LE MONDE | 19.10.2014 | Par Nicolas Truong
« Le suicide français » essai du polémiste Eric Zemmour, connait un succès, largement entretenu par un passage dans lequel il soutient l’idée selon laquelle le gouvernement de Vichy aurait décidé de « sacrifier les juifs étrangers pour sauver les juifs français » . De grands historiens de la période vichyste démontent son argumentation.

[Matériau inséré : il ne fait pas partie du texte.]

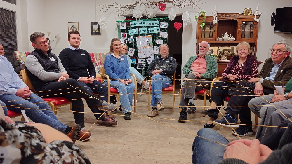 Vernetzung in der Firnhaberau - bei der Vorstellung des neuen Flyers haben die Vertreter der Vereine und Organisationen die Fäden in der Hand (Foto: Andreas Berndt)„Wir wollen den neu Zugezogenen eine einfachere Integration in das soziale Leben in der Firnhaberau ermöglichen“, erklärt Gitti Kurz, die als Leiterin des Mehrgenerationentreffpunktes das Projekt in die Hand genommen hat – und ergänzt: „Aber auch die alteingesessenen Firnhaberauer werden Angebote entdecken, die sie noch nicht kannten“.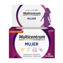 Multicentrum Mujer composición: Vitamina A, Vitamina E, Vitamina C, vitamina K, vitamina B1, Bitamina B2, vitamina B6, vitamina B12, vitamina D, Biotina, Ácido fólico, Niacina (NE), ácido pantoténico, calcio, fósforo, magnesio, hierro, yodo, cobre, manganeso, cromo, molibdeno, selenio, Zinc.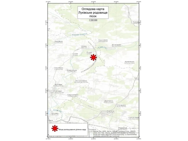 “Луківське родовище розташоване на відстані 1,4 км на південний схід від південно-східної околиці с. Луків колишнього Рожищенського району Волинської області. Вид корисної копалини: пісок. Вид користування надрами та строк, на який надається дозвіл: видобування корисних копалин, 20 років”, – йдеться в описі лоту.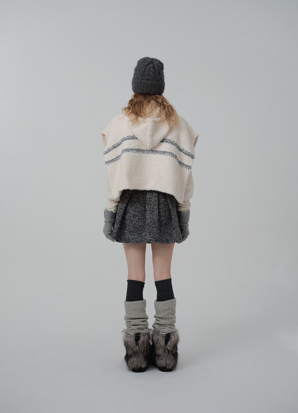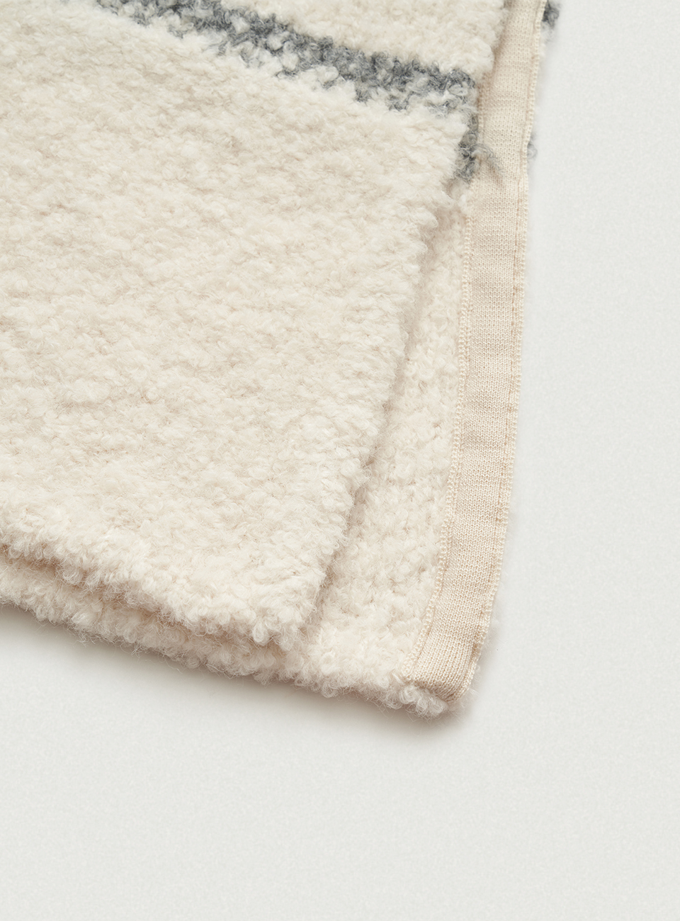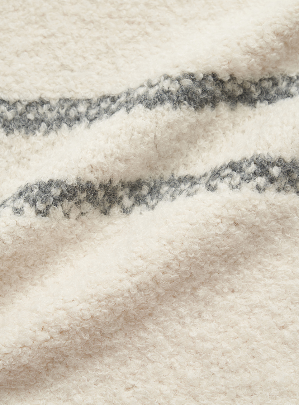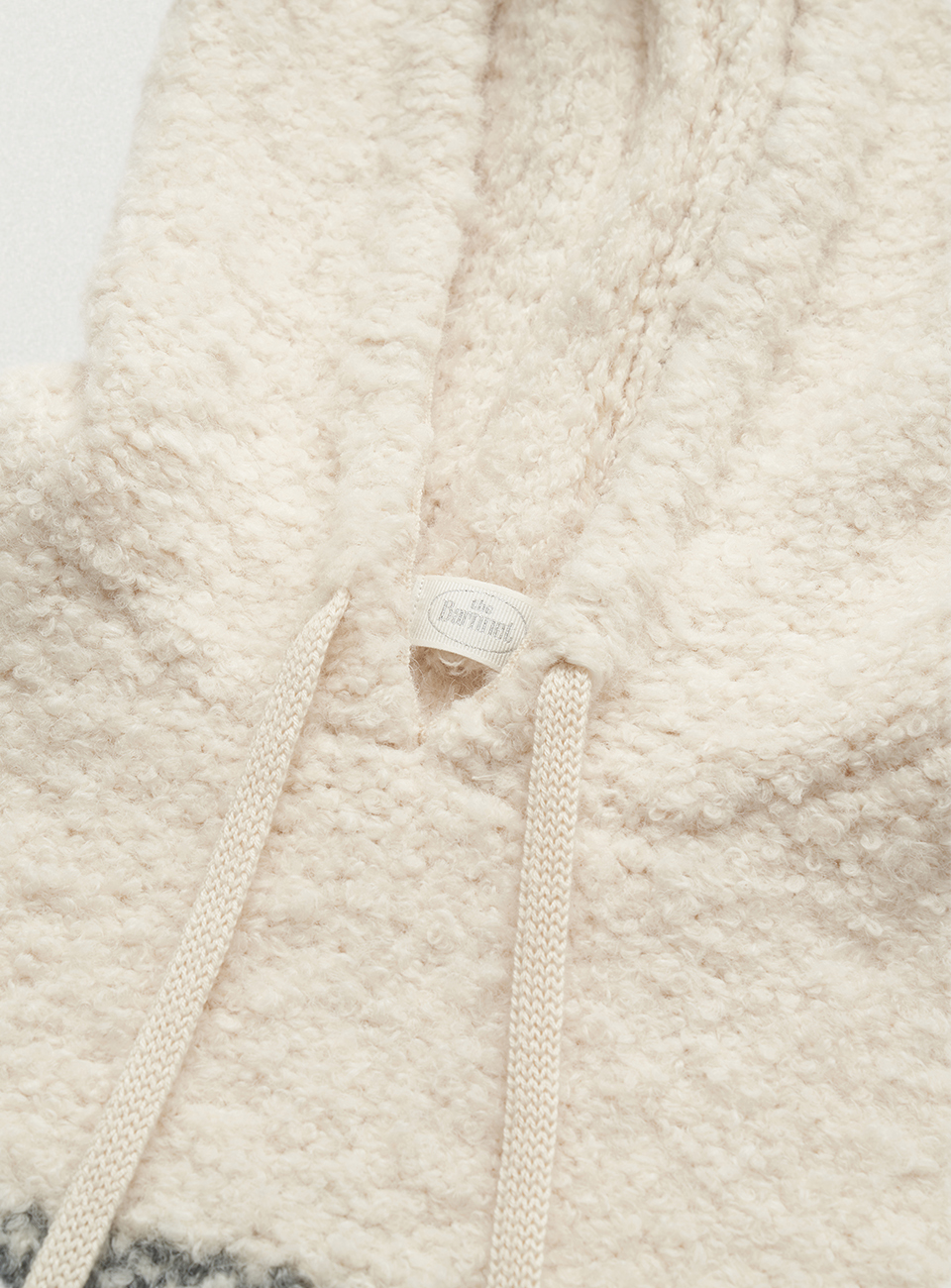 アイボリーカラーで、豊かで立体感のあるテクスチャーが特徴のウール混紡ブークレニットファブリック。
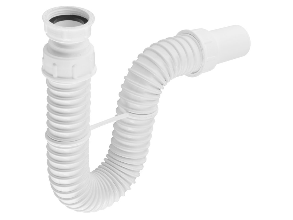 Flexibilní umyvadlový sifon je vyroben z pevného plastu. Seříznutím lze zkrátit na požadovanou délku. Díky hladké vnitřní stěně nedochází k usazování nečistot.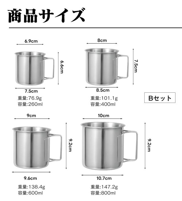 【送料無料】ステンマグカップ 4点セット 大容量 ステンレス製 直火OK アウトドア カップ マグカップ キャンプ 登山 シングルマグ キャンプ用品 収納 持ち運び 携帯用 コーヒー おしゃれ 蓋 ソロキャンプ 湯沸かし 野外料理 釣り 登山 登山コーヒー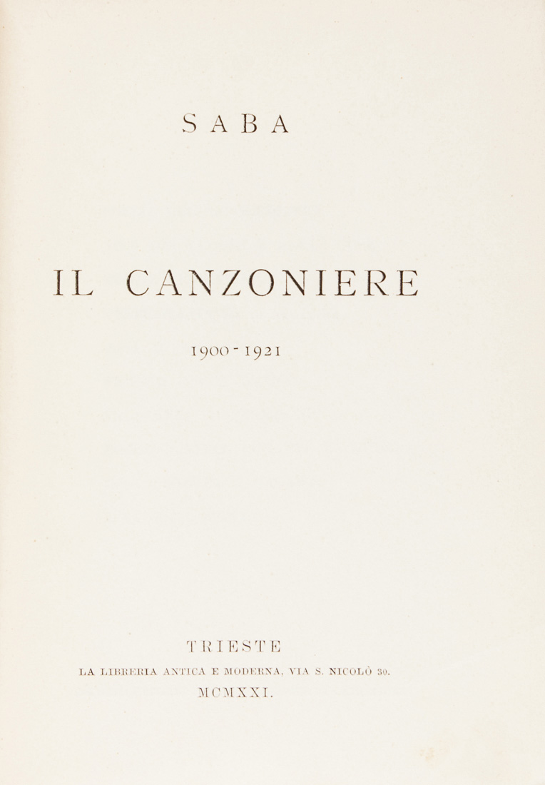 Saba Umberto, Il canzoniere 1900-1921.Trieste: La Libreria antica e moderna,...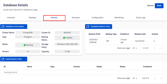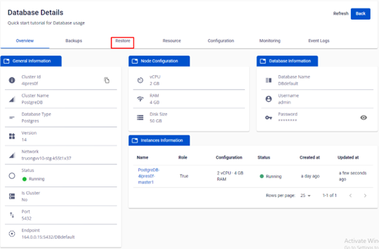 1 Tạo Restore Point Để có thể sử dụng được tính năng restore, quý khách cần có • Một Database Engine đã được tạo (provision) thành công • Ít nhất một job backup đã được tạo và chạy qua 1 mốc thời gian schedule Bước 1: Chọn Database Engine > Chọn một ID Cluster > trên *Database Detail , chọn tab Restore • Sau khi có một bản Backup được chạy, tại tab Available Restore point hiển thị Restore Point có một bản Backup Type. o Job Full sẽ tạo ra 1 restore point với backup type Full o Job Diff sẽ tạo ra 1 restore point với backup type Diff • Tại cột Actions bấm vào dấu 3 chấm > chọn Restore • Màn hình xuất hiện popup Restore Database , quý khách có thể lựa chọn cấu hình lại cho Restored Database bằng cấu hình có sẵn Preset Configuration hoặc cấu hình Custom Configuation do khách hàng tự nhập theo quota cho sẵn. • Sau đó nhấn Restore • Sau khi một Restore tạo thành công, trên Database Management sẽ xuất hiện Id Cluster mới có tên Restore + tên ID Cluster mới from Id Cluster cũ.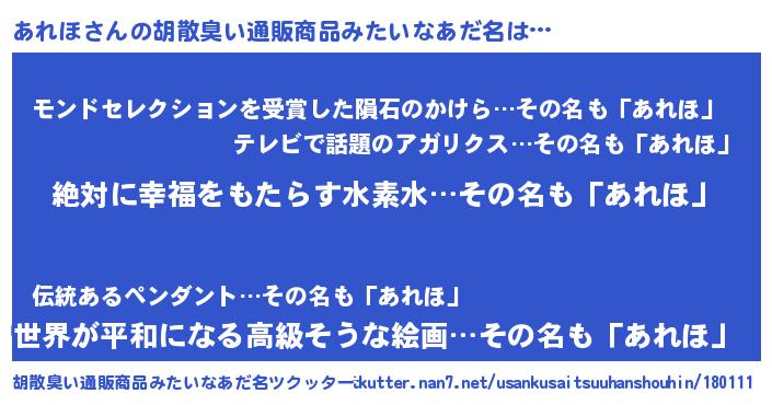 | 男性向けラノベタイトル風あだ名 | 『あれほという概念が存在しない退屈な世界 』 |

Contre le marketing de la Réaction
Qu’est-il arrivé à la France de Jean Moulin pour que triomphe un livre qui réhabilite le maréchal Pétain ? Où en est la droite française pour qu’un chroniqueur du Figaro fasse l’éloge de Georges Marchais, l’ancien secrétaire général brejnévien du Parti communiste français d’avant la chute du mur de Berlin ? Qu’arrive-t-il à notre pays pour qu’une prose aussi rance rencontre une telle audience ? Un malaise identitaire, une crise de la nation, une crispation sur la francité à n’en pas douter. Car Le Suicide français (Albin Michel, 544 p., 22,90 euros) du polémiste Eric Zemmour est la chronique d’une décadence, l’histoire d’une dégénérescence, la saga d’une destitution. Celle de la France.
Cet essai est le récit d’une désagrégation, d’une dissolution, celle du mâle blanc dominant. Plus de 500 pages pour dénoncer la « halalisation », la « féminisation », la « xénophilie » et la « haine de soi » française. Un pavé pour fustiger les trois « D » hérités de Mai 68 (« Dérision, Déconstruction, Destruction ») qui auraient saccagé les anciennes hiérarchies (famille, nation, travail, Etat, école) d’une France désormais avachie. Soumise au « matriarcat », au « pouvoir gay » ; vendue, comme ses entreprises et ses banlieues, à l’étranger ; prostituée par le triomphe du libre-échangisme mondialisé.
En apparence, rien de nouveau sous le soleil de la réaction, devenue le train-train de tant d’émissions de radio, de télévision ou de salles de rédaction. ( * ) Si ce n’est, cette fois-ci, que le tabou de Vichy est aboli. Alors que d’autres éditorialistes branchés depuis des années sur le filon du « déclin français » n’avaient pas encore trop osé s’y aventurer.
Au point qu’un rappel des faits établi par les historiens concernés est devenu nécessaire, tant l’idée selon laquelle « Pétain aurait sauvé les juifs français » s’est mise à circuler, tel un trait empoisonné.